Toda la vida de Cristo fue un perfectísimo dechado de humildad,
desde que nació hasta que expiró en la cruz. Pero el bienaventurado San
Agustín pondera particularmente para esto el ejemplo que nos dio lavando
los pies a sus discípulos el jueves de la Cena, ya cercano a su Pasión y
muerte. No se contentó Cristo nuestro Redentor, dice San Agustín, con los
ejemplos de toda su vida pasada ni con los que luego había de dar en su
Pasión, que tan cercana estaba, donde había de padecer, como dice Isaías
(53, 3), el postrero de los hombres; y como dice el real profeta David (Sal.,
21, 7), oprobio de los hombres y deshecho del mundo; sino (Jn 13, 1)
subiendo JESUS que era ya llegada la hora en que se había de partir de
este mundo a su Padre, como tuviese grande amor a los suyos, se lo quiso
mostrar al fin de su vida; y acabada la Cena, levantase de la mesa y quitase
sus vestiduras, ciñese una toalla, echa agua en una vacía y postrase a los
pies de sus discípulos y a los de Judas, y comienza a lavárselos con
aquellas manos divinas, y a limpiárselos con la toalla con que estaba
ceñido. ¡Oh misterio grande! ¿qué es esto, Señor, que hacéis? Dice el
Apóstol San Pedro: ¿Vos, Señor, me laváis a mí los pies? no entendían los
discípulos lo que hacía. Responde el Señor: Ahora no entiendes lo que
hago, pero después lo entenderás: Yo os lo declararé. Se torna a sentar a la
mesa y les declara el misterio muy de propósito. Vosotros, me llamáis
Maestro y Señor, y decís bien, porque lo soy. Pues si Yo, siendo vuestro
Maestro y, Señor, me he humillado y os he lavado los pies, vosotros habéis de hacer lo mismo unos con otros. Os he dado ejemplo para que
aprendáis de Mí y hagáis como Yo. Ese es el misterio, que aprendáis a
humillaros, como Yo me he humillado. Es tan grande por una parte la
importancia de esta virtud de la humildad, y por otra la dificultad que hay
en ella, que no se contenta con tantos ejemplos como nos había dado y
tenía tan a mano para darnos, sino como quien conocía bien nuestra
flaqueza, y tan bien había tomado el pulso a nuestro corazón, y tenía bien
entendida la malicia del humor de que pecaba nuestra dolencia, cargó tanto
la mano en esta parte, y nos pone ésta entre las postreras mandas de su
Testamento por su última voluntad, para que quedase más impresa en
nuestros corazones.
Sobre aquellas palabras de Cristo (Mt, 11, 29): Aprended de Mí, que
soy manso y humilde de corazón, exclama San Agustín: ¡Oh doctrina
saludable! ¡Oh Maestro y Señor de los hombres, a los cuales, por la
soberbia, les entró la muerte! ¿Qué es, Señor, lo que queréis que vayamos
a aprender de Vos? Que soy manso y humilde de corazón. Esto es lo que
habéis aprender de Mí. ¿En eso se han resumido todos los tesoros de la
sabiduría y ciencia del Padre, escondidos en Vos, que por gran cosa digáis
que vayamos a aprender de Vos que sois manso y humilde de corazón?

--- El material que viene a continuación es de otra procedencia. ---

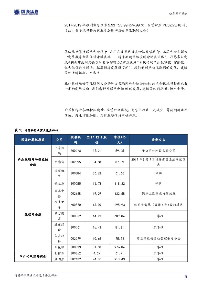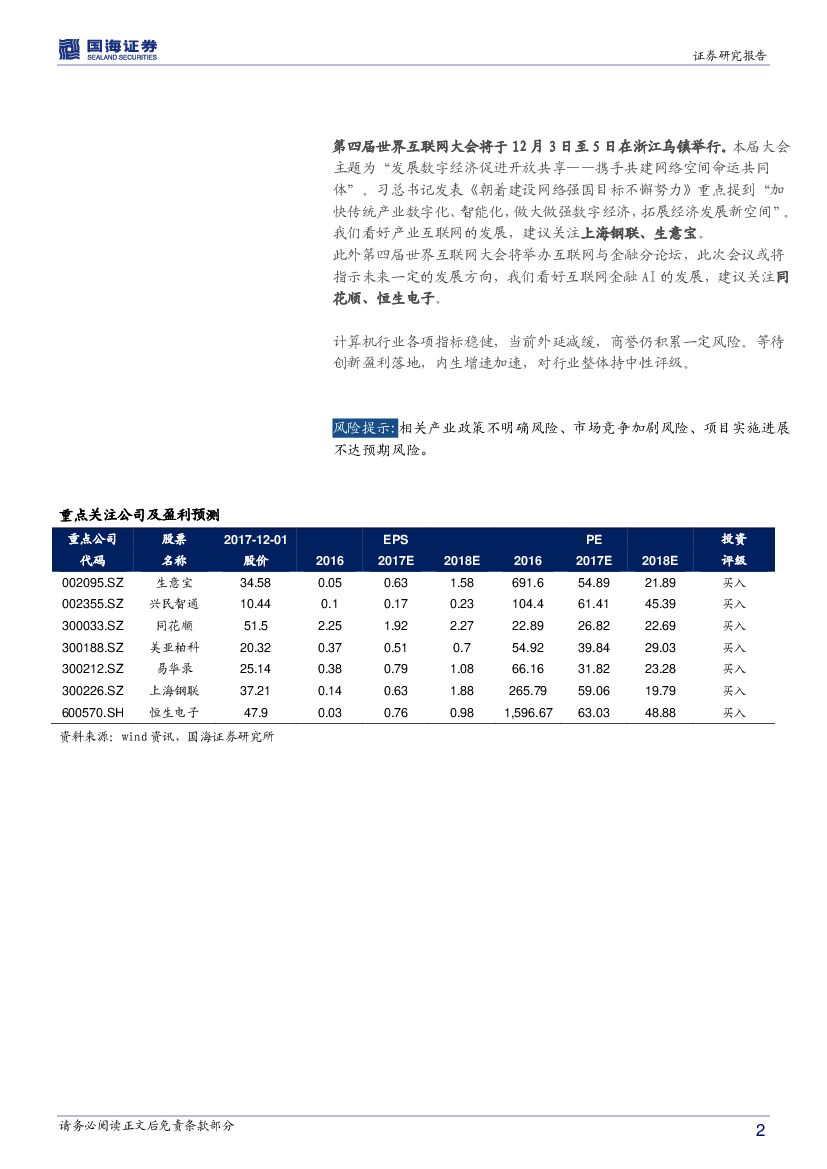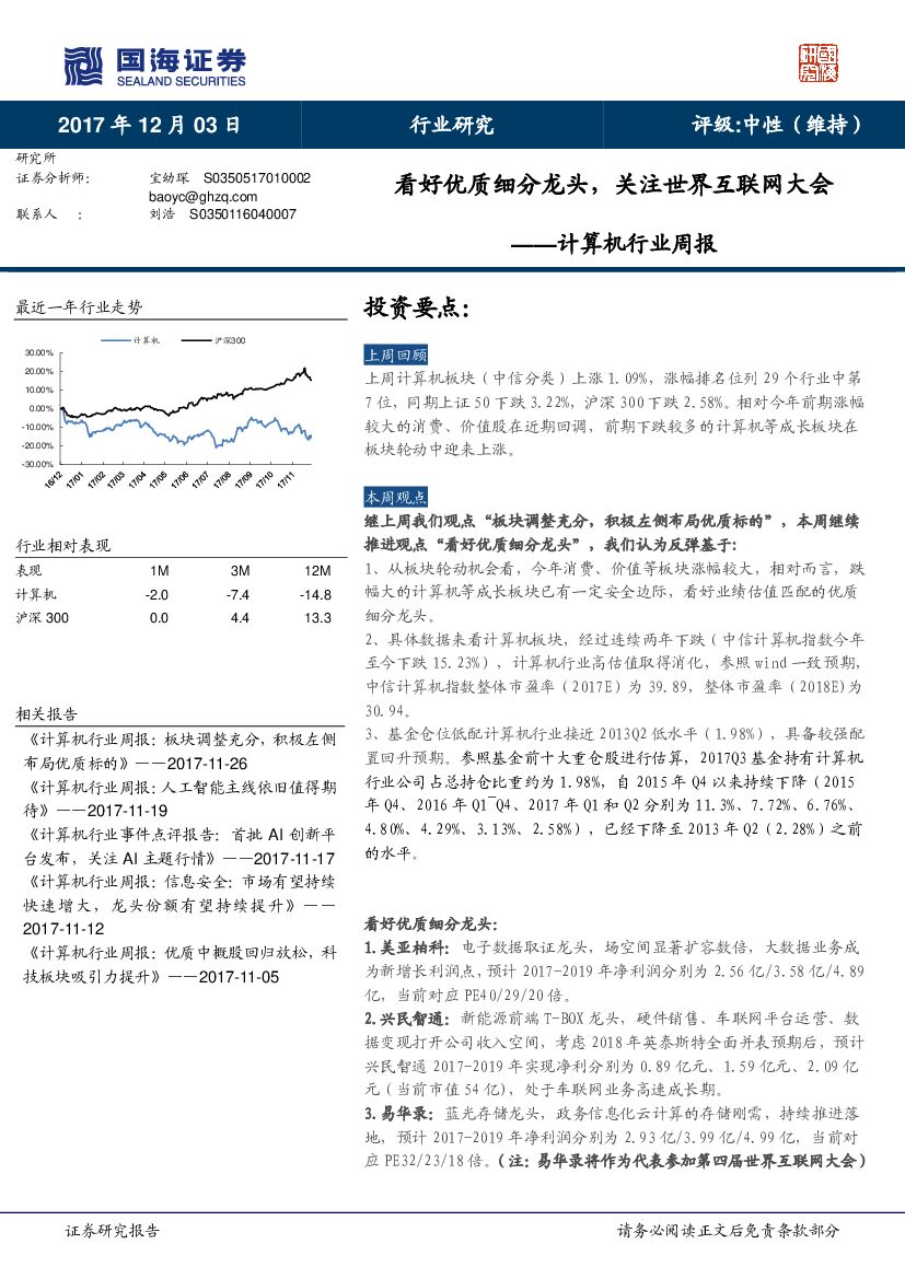 国海证券:计算机行业周报:看好优质细分龙头,关注世界互联网大会.pdf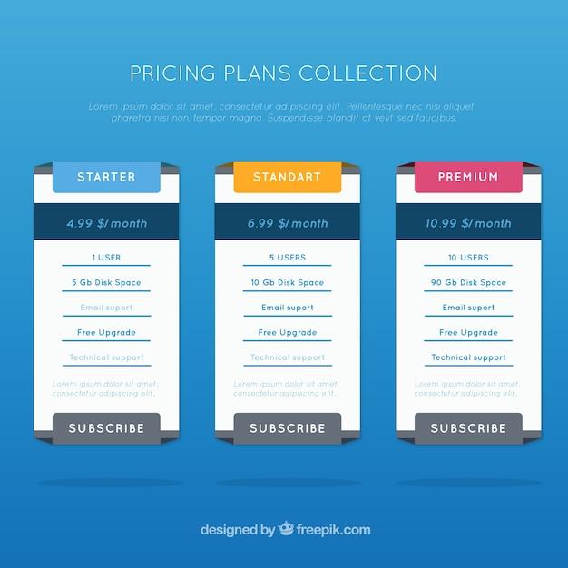 Collection of pricing plans tables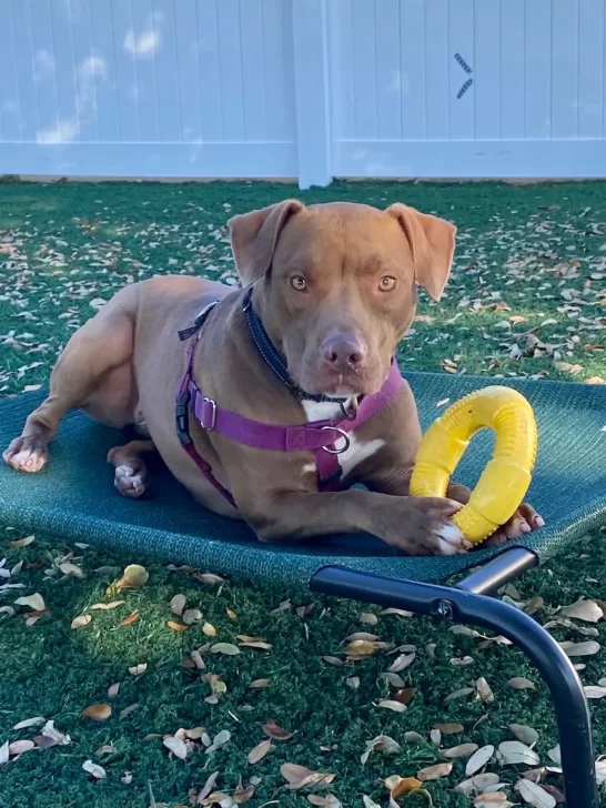 She can live with another dog but prefers a home without young children. Patience is key as she adjusts, but her dream is simple: “Watching movies with her on the couch or bed and falling asleep with her,” Vila said.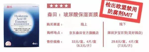 其中森田和珀薇2个品牌3款面膜产品被检出含有欧盟禁用的甲基异噻唑啉酮,浓度大于定量浓度13ppm,分别为49ppm、54.7ppm和63.7ppm,但都在国标要求的的限值100ppm范围内。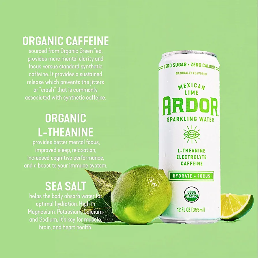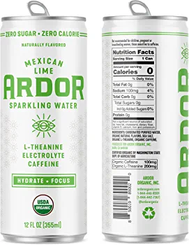 Introducing Ardor Energy Sparkling Water – a certified organic, flavored seltzer water that’s perfect for those looking for a refreshing and energizing drink. This sparkling water is infused with premium active ingredients such as organic caffeine and organic L-theanine, which provide energy, focus, and hydration.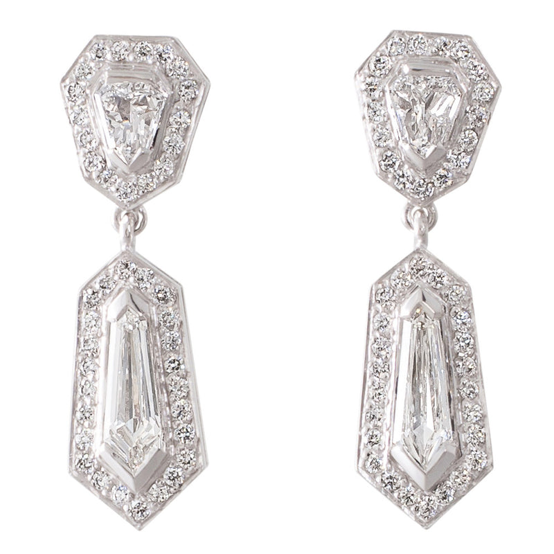 18ct white gold diamond drop earrings in an Art Deco style each with a spear point diamond drop in a grain set surround of twenty four millegrain set diamonds suspended below a shield shaped diamond top again surrounded by small brilliant cut diamonds and fitted with posts and butterflies.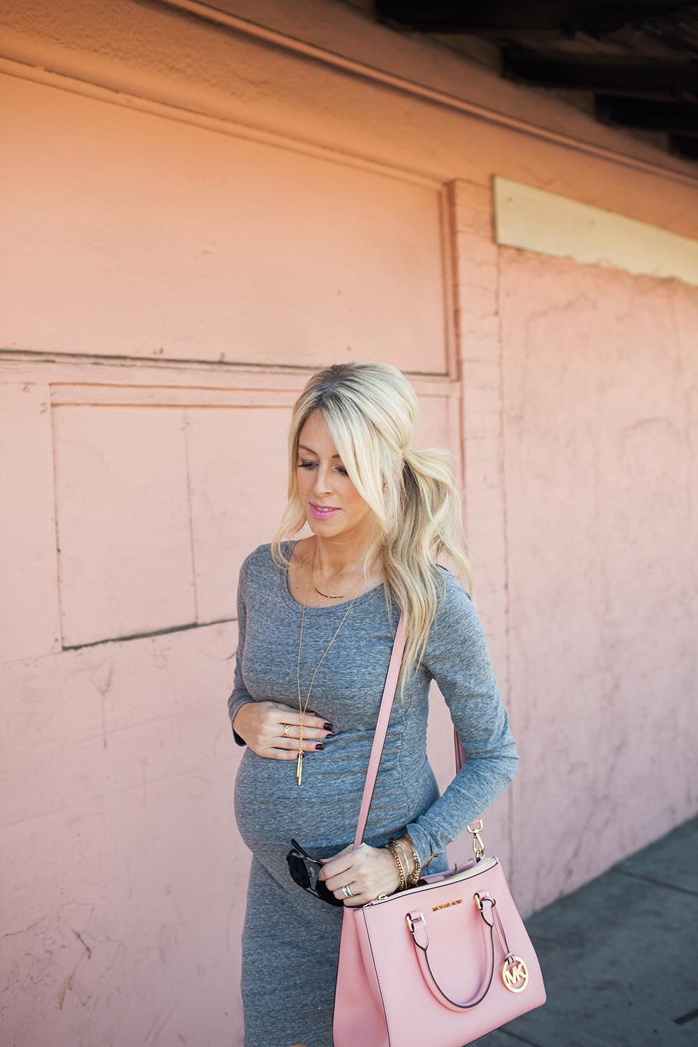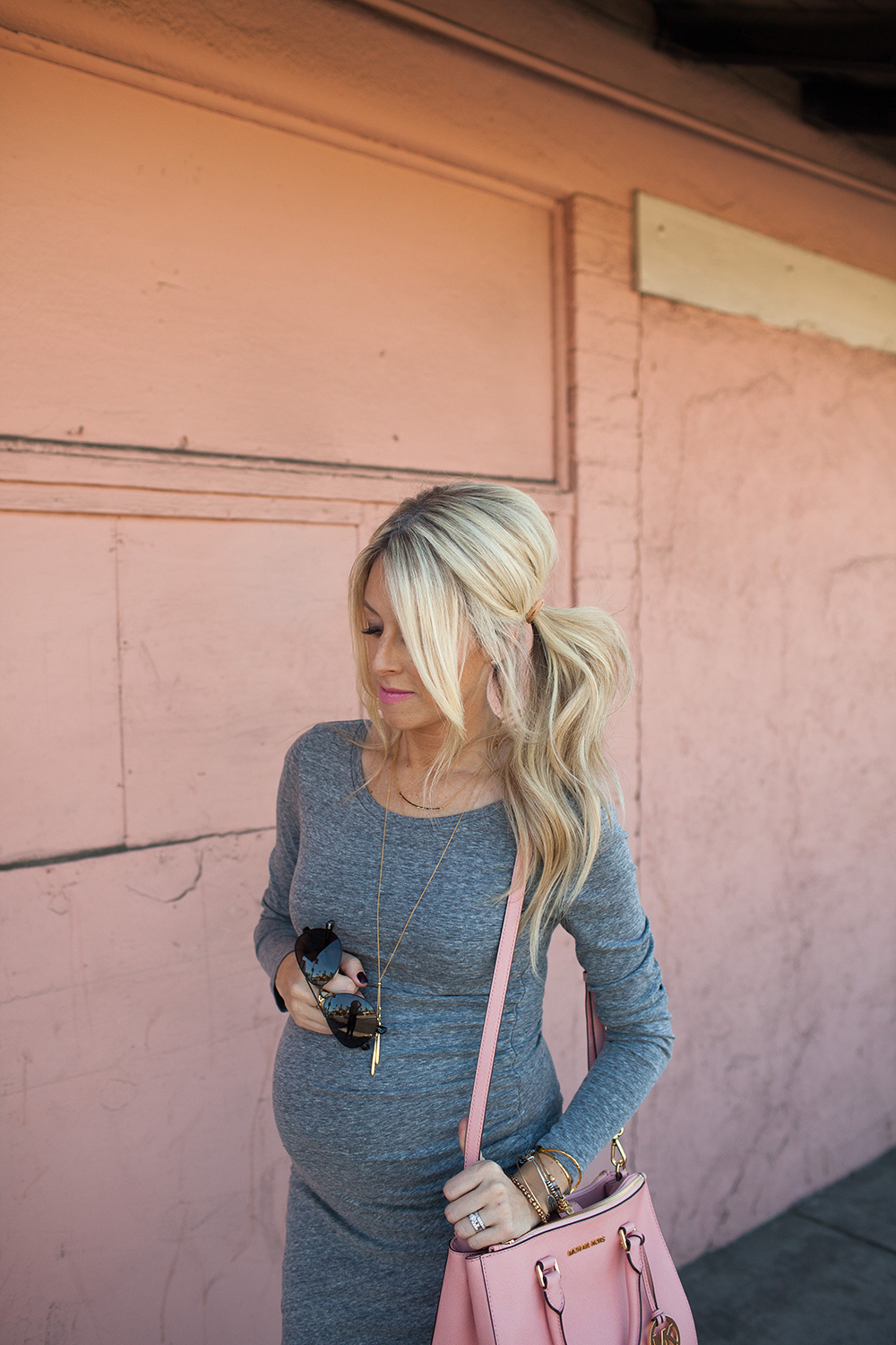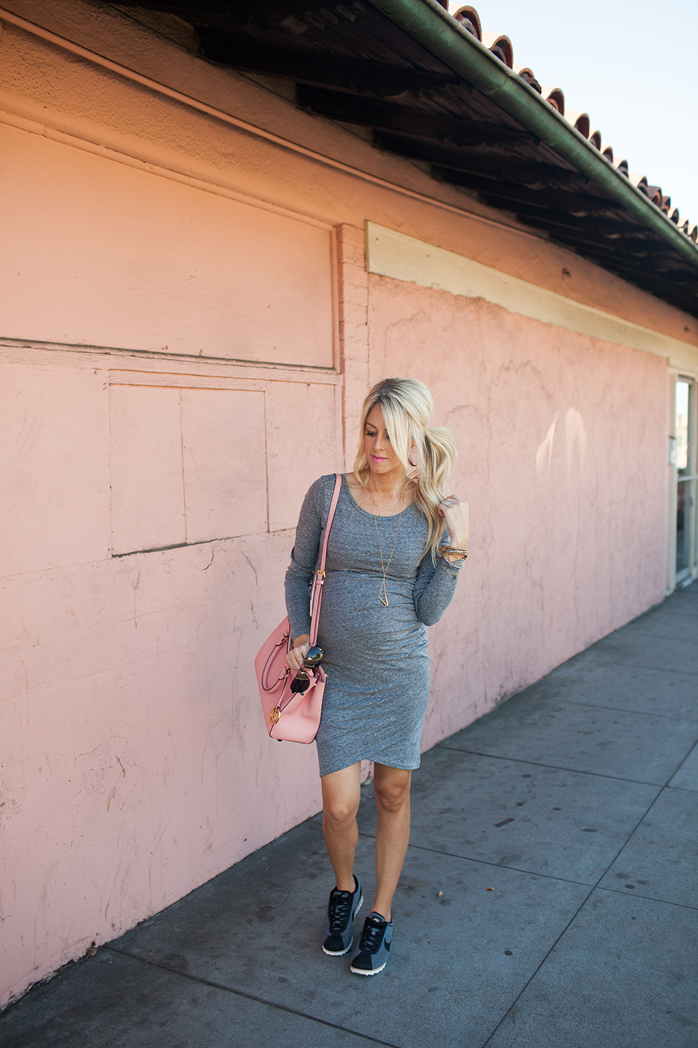 I love this grey non-maternity dress (that is under $60)! It’s bunched on the sides which gives it some stretch for the belly (I sized up one size, yet it still fits great for those who are not pregnant. I love finding great non-maternity dresses that I can wear while pregnant and that can still work for after baby — because who doesn’t love to save a bit of money? And when you find a good basic staple you want it to last!! I also love these simple Nike’s that look great paired with this dress. It gives the outfit a fun + sporty look. Who else is loving the sneaker trend right now?!!

¿Tan grande cosa es hacerse uno pequeño, que si Vos, que sois tan grande,
no os hicierais pequeño, no hubiera quien lo pudiera aprender? Sí, dice San
Agustín, tan grande cosa es y tan dificultosa humillarse y hacerse pequeño,
que si el mismo Dio no se hubiera humillado y hecho pequeño, no
acabaran los hombres de humillarse, porque no hay cosa que tengan tan
metida en las entrañas y tan entrañada en el corazón como este apetito de
ser honrado y estimados; y así, todo eso fue menester para que seamos
humildes. Tal medicina como ésta requería la enfermedad de nuestra
soberbia: a tal llaga, tal cura.
Y si esta medicina de haberse hecho Dios hombre humillándose tanto
por nosotros, no cura nuestra soberbia, no sé, dice San Agustín, con qué se
podrá curar. Si ver al Señor de la Majestad tan abatido y humillado no
basta para que nosotros nos avergoncemos de desear ser honrados y
estimados, y nos tome gana de ser despreciados y abatidos con El y por Él
no sé qué ha de bastar. Y así Guerrico Abad, admirado y convencido con
tan grande ejemplo de humildad, exclama y dice lo que es razón que
nosotros digamos y saquemos de aquí: Vencido habéis Señor, vencido
habéis mi soberbia; me habéis atado de pie y manos con vuestro ejemplo;
yo me rindo y entrego por esclavo vuestro para siempre.
Es también maravilloso pensamiento a este propósito aquél del
glorioso Bernardo. Vio, dice, el Hijo de Dios que dos criaturas nobles,
generosas y capaces de la bienaventuranza que Dios había criado, se
perdían por querer ser semejantes a Él. Crió Dios los ángeles, y luego
Lucifer quiso ser semejante a Dios (Is., 14, 13): [Escalaré el Cielo y sobre
las estrellas de Dios levantaré mi trono, y me asentaré en el monte del
Testamento al lado del aquilón; subiré sobre la altura de las nubes y seré
semejante al Altísimo], y llevó tras sí a otros: échalos Dios luego en el
infierno, y de ángeles quedaron hechos demonios. [Mas tú fuiste derribado
en el infierno hasta lo profundo del abismo.] Cría Dios al hombre, y luego
el demonio le pega su lepra y su ponzoña. [Seréis como dioses, que sabréis
del bien y del mal] (Gen., 3, 5). Se gloriaron de que les dijo que serían
como Dios, y quebrantaron su mandamiento, y quedaron semejantes al
demonio. Dijo el Profeta Eliseo (2 Rey., 5, 27) a su criado Giezzi: después
que tomó los dones de Naamán leproso, ¿Tomaste la hacienda de Naamán?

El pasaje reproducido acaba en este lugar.